## [Stored records]
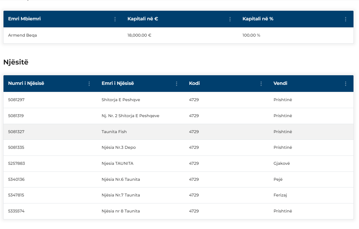 Ndryshe, “Taunita” Sh.P.K. me pronar Armend Beqa, ka edhe tetë (8) njësi të kompanisë, të cilat funksionojnë si: Shitorja E Peshqve, Nj. Nr. 2 Shitorja E Peshqeve, Taunita Fish, Njësia Nr.3 Depo, Njesia TAUNITA, Njësia Nr.6 Taunita, Njësia Nr.7 Taunita, Njësia nr 8 Taunita.
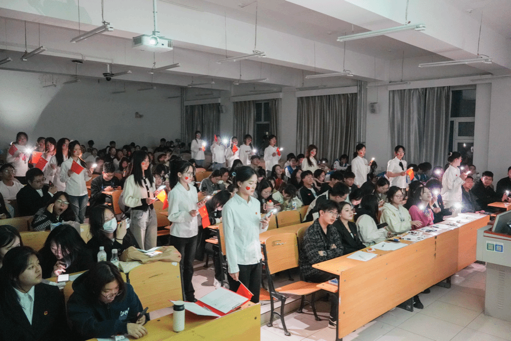 在合唱环节,大家以饱满的热情和激昂的旋律,展现了青年学子对祖国的热爱和对未来的憧憬。
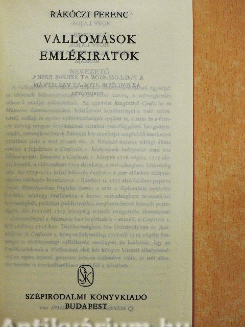 Vallomások, emlékiratok Vallomások, emlékiratok
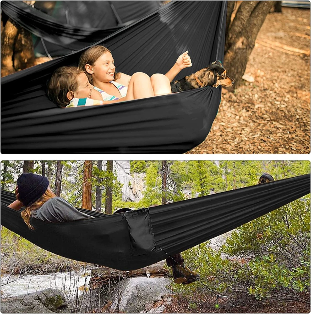 - Hamac durable et fiable – Fabriqué en nylon parachute 210T de haute qualité, résistant à la déchirure, respirant et à séchage rapide. Transportez le poids en toute sécurité jusqu’à 350 kg.
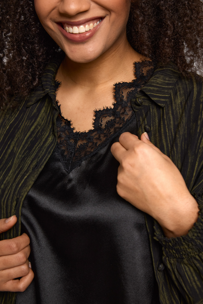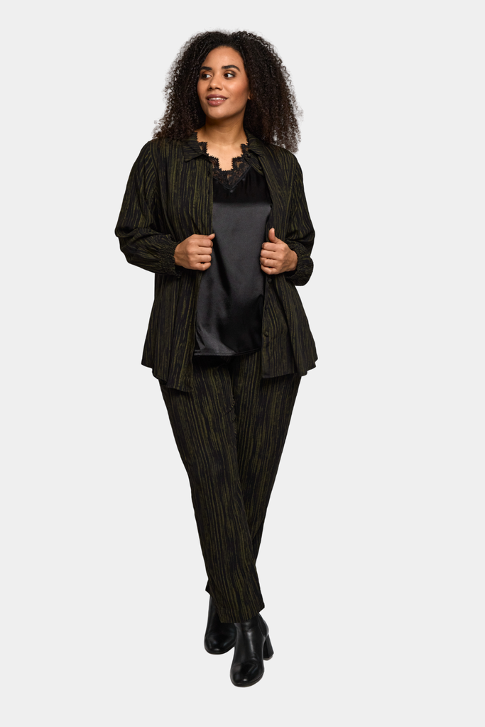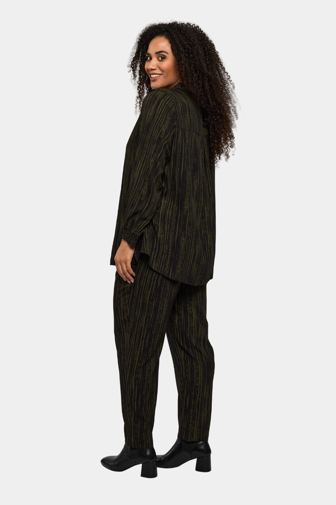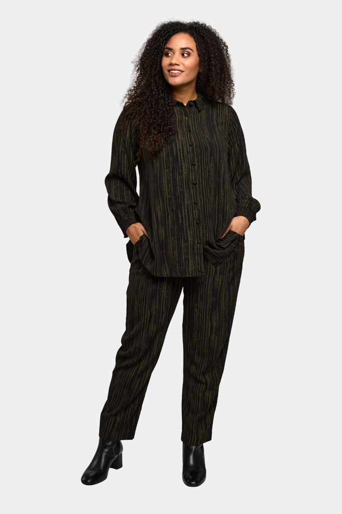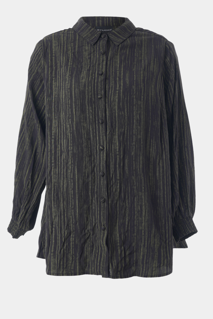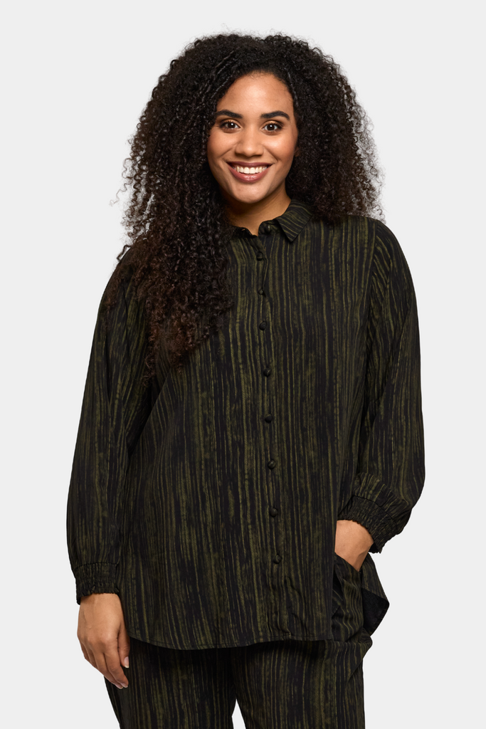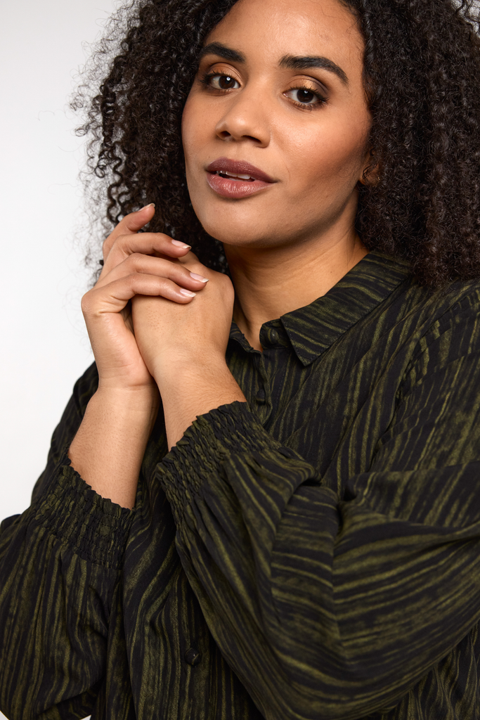 Smuk og elegant skjorte fra Studio i en meget smuk print i sort og olivengrøn
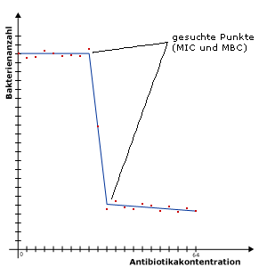 Ich habe 16 Datenreihen mit je zwanzig Werten die mir als Array vorliegen. Diese Daten stellen Messergebnisse von Bakterienkonzentrationen dar. Meine Aufgabe ist es nun zwei bestimmte Punkte über eine Approximation zu ermitteln. Dazu soll ich (laut meinem Professor) eine Polygonzug-Approximation mit drei Geradenstücken machen. Der Startpunkt und der Endpunkt sind dabei jeweils durch das erste bzw. letzte Datenpaar der jeweiligen Datenreihe festgelegt. Nur die zwei zu bestimmenden Punkte als Verbindungspunkte der Geradenstücke sind natürlich frei.
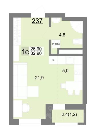 • ✅ Минимальная площадь: 27 м²
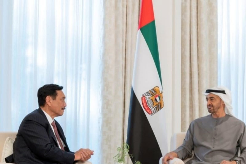 Menko Kemaritiman dan Investasi Luhut Binsar Pandjaitan saat bertemu dengan Presiden Uni Emirat Arab Mohammad bin Zayed (MBZ). (ANTARA)
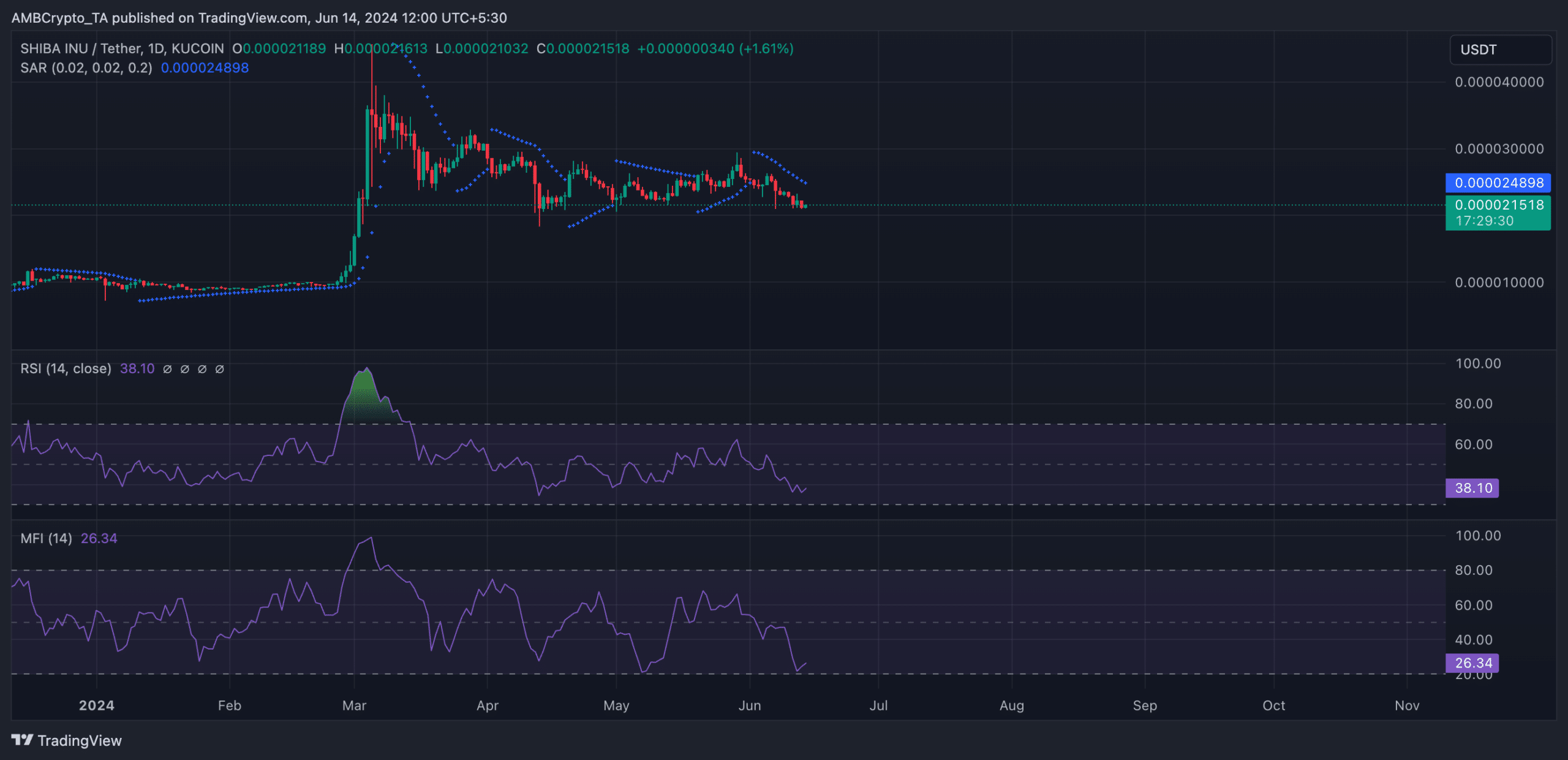 AMBCrypto assessed the coin’s performance on a daily chart and found a spike in SHIB distribution among market participants. For example, its Relative Strength Index and Money Flow Index (MFI) trended downward at press time.
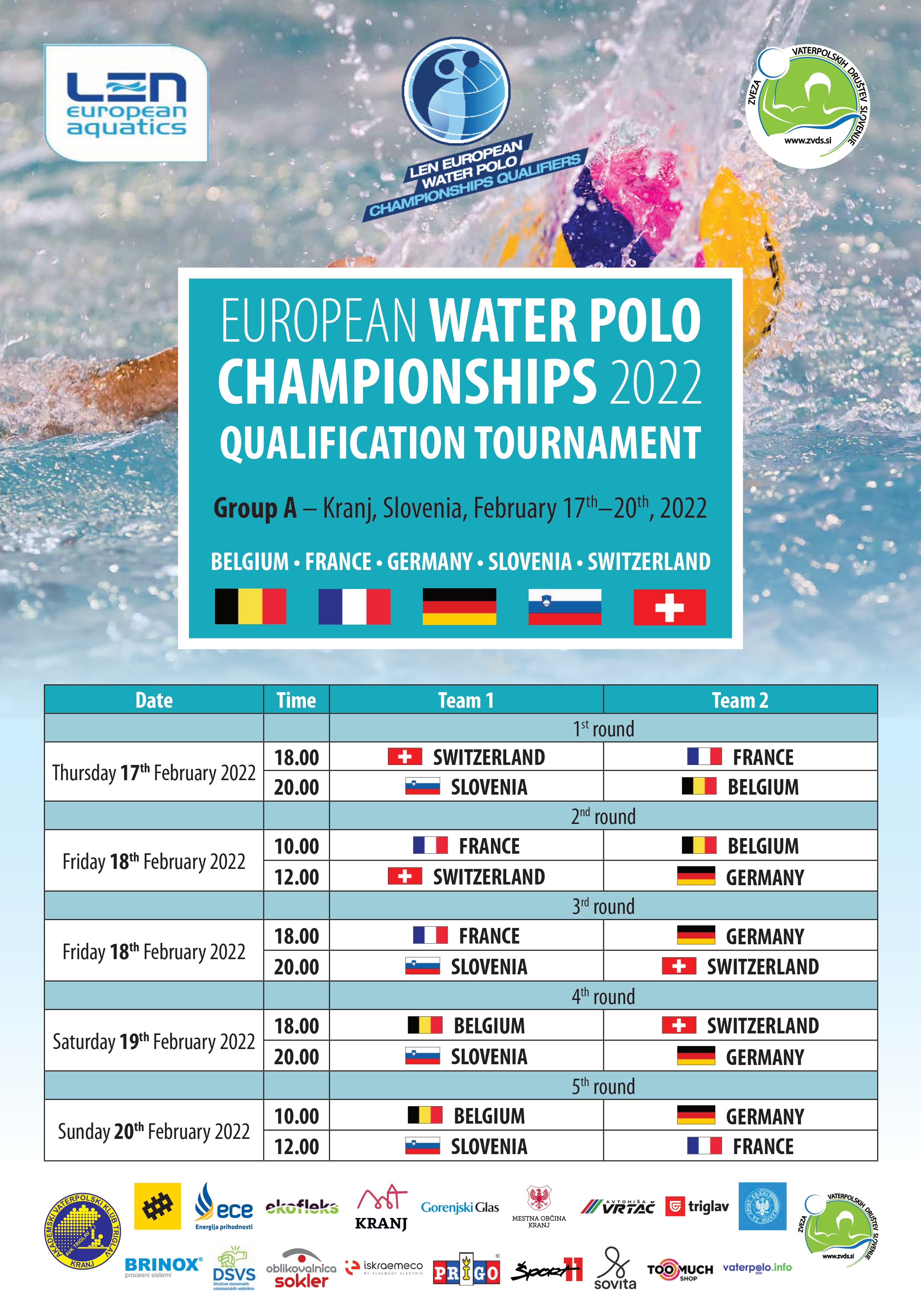 Povezava do podrobnosti o turnirju: https://zvds.si/european-water-polo-championships-2022-qualification-tournament/

## [EXERCISE OBJECTIVE]
Leaving the pictures aside, repeat the data above exactly.

## [REPLY TO THE EXERCISE]
 Ndryshe, “Taunita” Sh.P.K. me pronar Armend Beqa, ka edhe tetë (8) njësi të kompanisë, të cilat funksionojnë si: Shitorja E Peshqve, Nj. Nr. 2 Shitorja E Peshqeve, Taunita Fish, Njësia Nr.3 Depo, Njesia TAUNITA, Njësia Nr.6 Taunita, Njësia Nr.7 Taunita, Njësia nr 8 Taunita.
 在合唱环节,大家以饱满的热情和激昂的旋律,展现了青年学子对祖国的热爱和对未来的憧憬。
 Vallomások, emlékiratok Vallomások, emlékiratok
 - Hamac durable et fiable – Fabriqué en nylon parachute 210T de haute qualité, résistant à la déchirure, respirant et à séchage rapide. Transportez le poids en toute sécurité jusqu’à 350 kg.
 Smuk og elegant skjorte fra Studio i en meget smuk print i sort og olivengrøn
 Ich habe 16 Datenreihen mit je zwanzig Werten die mir als Array vorliegen. Diese Daten stellen Messergebnisse von Bakterienkonzentrationen dar. Meine Aufgabe ist es nun zwei bestimmte Punkte über eine Approximation zu ermitteln. Dazu soll ich (laut meinem Professor) eine Polygonzug-Approximation mit drei Geradenstücken machen. Der Startpunkt und der Endpunkt sind dabei jeweils durch das erste bzw. letzte Datenpaar der jeweiligen Datenreihe festgelegt. Nur die zwei zu bestimmenden Punkte als Verbindungspunkte der Geradenstücke sind natürlich frei.
 • ✅ Минимальная площадь: 27 м²
 Menko Kemaritiman dan Investasi Luhut Binsar Pandjaitan saat bertemu dengan Presiden Uni Emirat Arab Mohammad bin Zayed (MBZ). (ANTARA)
 AMBCrypto assessed the coin’s performance on a daily chart and found a spike in SHIB distribution among market participants. For example, its Relative Strength Index and Money Flow Index (MFI) trended downward at press time.
 Povezava do podrobnosti o turnirju: https://zvds.si/european-water-polo-championships-2022-qualification-tournament/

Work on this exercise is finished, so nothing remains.